Grilled Salmon with Warm Bacon and Corn Relish – It's a Noun and a Verb

This grilled salmon with warm bacon and corn relish is another installment in our long-running series, “Salmon Recipes for People Tired of Salmon Recipes.” No one eats as much salmon as I do, and so I’m always on the lookout for new ways to make it seem a tad more exciting.

In the business, this is known as “elevating” it, and as you may already know, nothing elevates like bacon. It’s the helium of smoked meats. Combine that bacon with sweet, almost raw corn, and you have a relish worthy of its verb. I mean, if your not going to relish your relish, what's the point?

I mention in the video that I like the taste and texture of white corn, but prefer the sunnier appearance of yellow corn. That trade-off is always an interesting discussion, with some saying taste always trumps looks, while others will insist that the appearance effects how the flavor is perceived, so even if slightly less sweet, the golden colored one may be enjoyed more.
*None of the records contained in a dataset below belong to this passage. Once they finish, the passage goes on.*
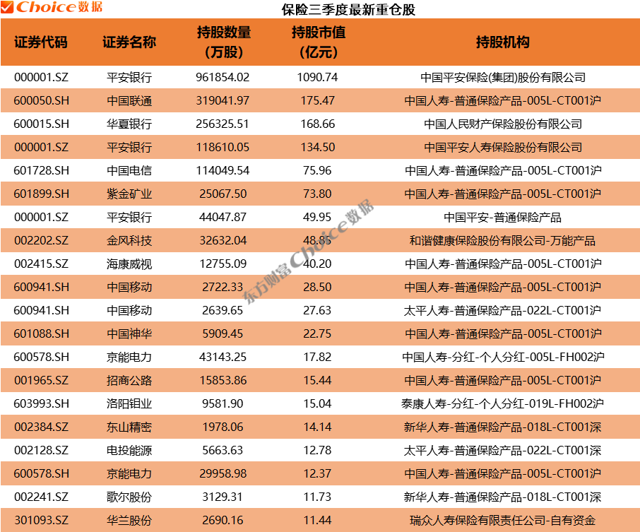 紫金矿业、金风科技、海康威视等被保险持有市值均超 40 亿元。
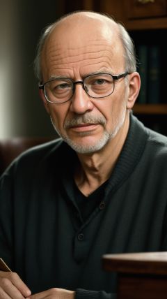 (editorial photograph of a balding, unshaven, tired, 70 y.o. male), (wearing worn out clothes, wearing glasses, detailed:1.3), (highly detailed face:1.4), (background inside dark, moody, private study, old furniture:1.3), (8k, uhd, dslr, high quality, cinematic lighting, bokeh), (dramatic, award winning photography, incredible masterpiece:1.3) (strong depth of field)
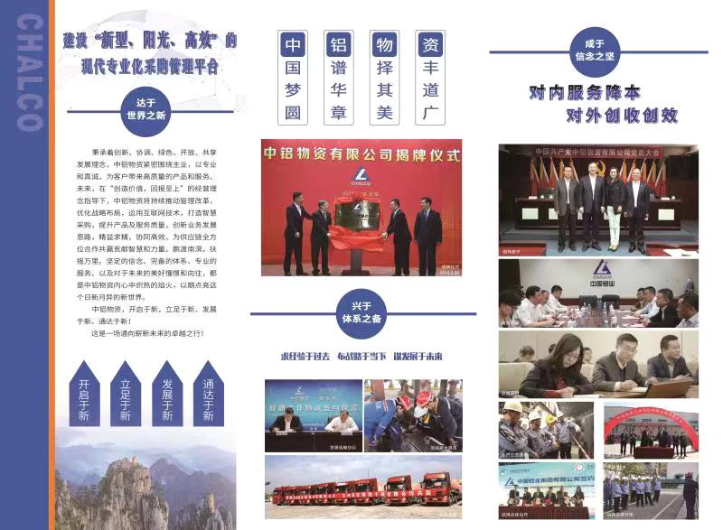 作为中铝股份集中采购执行单位,中铝物资秉承创新、协调、绿色、开放、共享发展理念,将通过不断完善集中采购管理机制、供应保障机制、质量管控机制、采购信息化建设,不断提升资源统筹能力、集中采购能力、质量管控能力、供应保障能力和成本控制能力,打造国内领先、国际一流供应链管理体系。
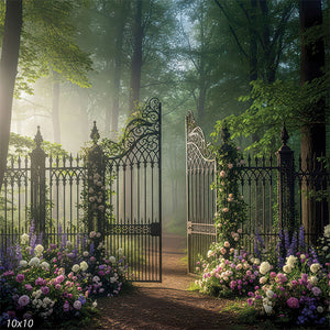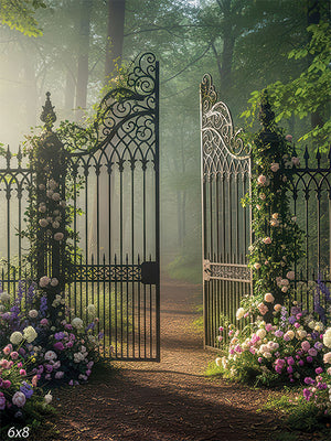 Open the door to wonder with the Fairytale Garden Gate Photo Backdrop. An ornate wrought-iron gate, softened by roses and hydrangeas, invites your subjects into a misty woodland scene—helping you create timeless images with ease.
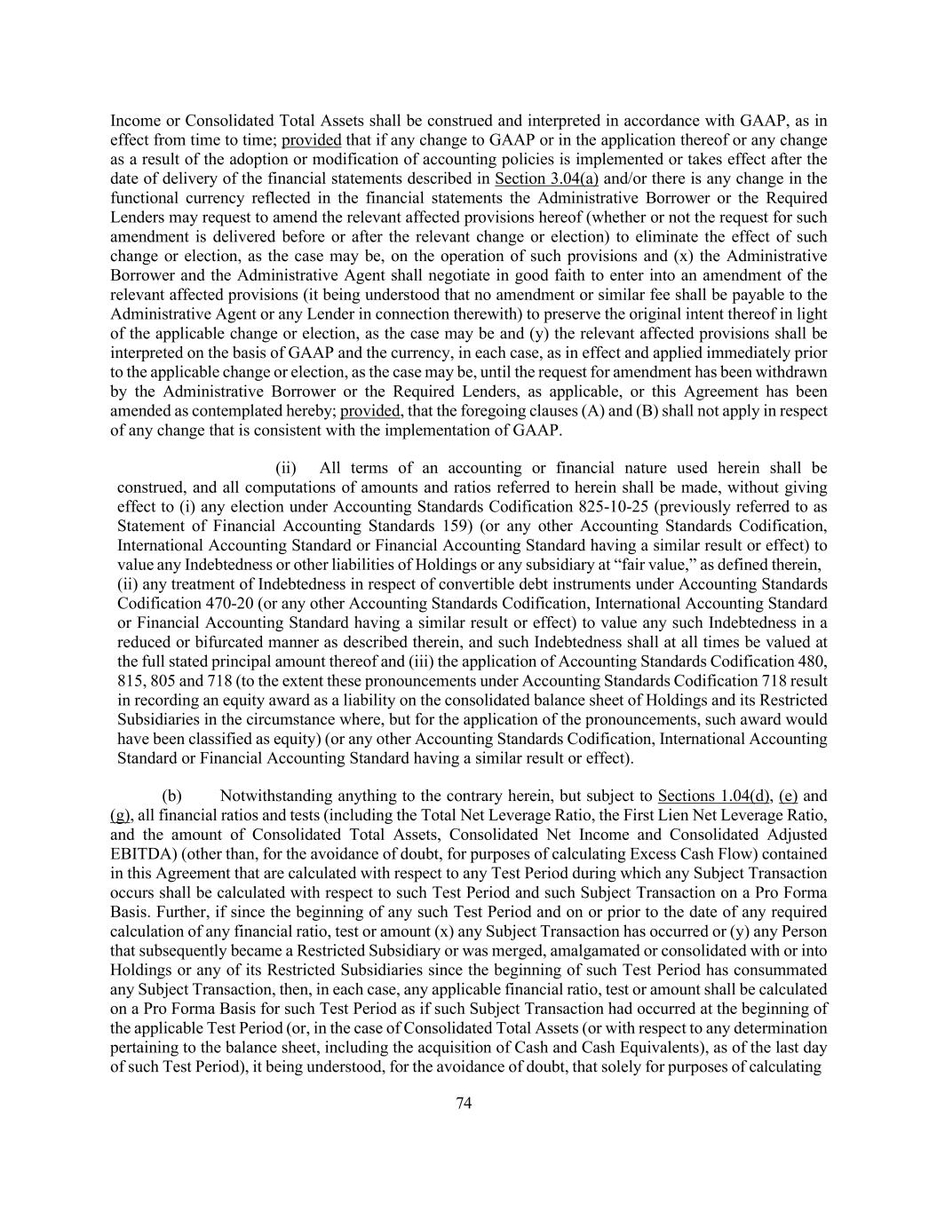 74 Income or Consolidated Total Assets shall be construed and interpreted in accordance with GAAP, as in effect from time to time; provided that if any change to GAAP or in the application thereof or any change as a result of the adoption or modification of accounting policies is implemented or takes effect after the date of delivery of the financial statements described in Section 3.04(a) and/or there is any change in the functional currency reflected in the financial statements the Administrative Borrower or the Required Lenders may request to amend the relevant affected provisions hereof (whether or not the request for such amendment is delivered before or after the relevant change or election) to eliminate the effect of such change or election, as the case may be, on the operation of such provisions and (x) the Administrative Borrower and the Administrative Agent shall negotiate in good faith to enter into an amendment of the relevant affected provisions (it being understood that no amendment or similar fee shall be payable to the Administrative Agent or any Lender in connection therewith) to preserve the original intent thereof in light of the applicable change or election, as the case may be and (y) the relevant affected provisions shall be interpreted on the basis of GAAP and the currency, in each case, as in effect and applied immediately prior to the applicable change or election, as the case may be, until the request for amendment has been withdrawn by the Administrative Borrower or the Required Lenders, as applicable, or this Agreement has been amended as contemplated hereby; provided, that the foregoing clauses (A) and (B) shall not apply in respect of any change that is consistent with the implementation of GAAP. (ii) All terms of an accounting or financial nature used herein shall be construed, and all computations of amounts and ratios referred to herein shall be made, without giving effect to (i) any election under Accounting Standards Codification 825-10-25 (previously referred to as Statement of Financial Accounting Standards 159) (or any other Accounting Standards Codification, International Accounting Standard or Financial Accounting Standard having a similar result or effect) to value any Indebtedness or other liabilities of Holdings or any subsidiary at “fair value,” as defined therein, (ii) any treatment of Indebtedness in respect of convertible debt instruments under Accounting Standards Codification 470-20 (or any other Accounting Standards Codification, International Accounting Standard or Financial Accounting Standard having a similar result or effect) to value any such Indebtedness in a reduced or bifurcated manner as described therein, and such Indebtedness shall at all times be valued at the full stated principal amount thereof and (iii) the application of Accounting Standards Codification 480, 815, 805 and 718 (to the extent these pronouncements under Accounting Standards Codification 718 result in recording an equity award as a liability on the consolidated balance sheet of Holdings and its Restricted Subsidiaries in the circumstance where, but for the application of the pronouncements, such award would have been classified as equity) (or any other Accounting Standards Codification, International Accounting Standard or Financial Accounting Standard having a similar result or effect). (b) Notwithstanding anything to the contrary herein, but subject to Sections 1.04(d), (e) and (g), all financial ratios and tests (including the Total Net Leverage Ratio, the First Lien Net Leverage Ratio, and the amount of Consolidated Total Assets, Consolidated Net Income and Consolidated Adjusted EBITDA) (other than, for the avoidance of doubt, for purposes of calculating Excess Cash Flow) contained in this Agreement that are calculated with respect to any Test Period during which any Subject Transaction occurs shall be calculated with respect to such Test Period and such Subject Transaction on a Pro Forma Basis. Further, if since the beginning of any such Test Period and on or prior to the date of any required calculation of any financial ratio, test or amount (x) any Subject Transaction has occurred or (y) any Person that subsequently became a Restricted Subsidiary or was merged, amalgamated or consolidated with or into Holdings or any of its Restricted Subsidiaries since the beginning of such Test Period has consummated any Subject Transaction, then, in each case, any applicable financial ratio, test or amount shall be calculated on a Pro Forma Basis for such Test Period as if such Subject Transaction had occurred at the beginning of the applicable Test Period (or, in the case of Consolidated Total Assets (or with respect to any determination pertaining to the balance sheet, including the acquisition of Cash and Cash Equivalents), as of the last day of such Test Period), it being understood, for the avoidance of doubt, that solely for purposes of calculating

Like most food-related arguments, both sides are right and wrong, and I tend to oscillate between the two schools, although when in doubt, I’ll generally lean toward taste. Anyway, no matter which color corn you use, you’re sure to enjoy this new, and hopefully slightly more exciting way to serve salmon. Give it a try soon, and enjoy!


Ingredients for 2 Portions:
2 center-cut, boneless salmon filets (8-oz)
salt and pepper to taste
For the relish:
corn kernels from 2 ears of sweet corn, plus any juices
6 stripes bacon, sliced
1/4 cup green onions, white and light parts (reserve green for garnish)
1/4 cup diced red pepper
salt, pepper, cayenne to taste
2 tsp olive oil (optional depending on how much bacon fat you had)
1 or 2 tbsp rice vinegar (or other vinegar, or acid like lemon, lime, etc)
*I didn’t have any in the garden, but a little fresh tarragon is great in this too.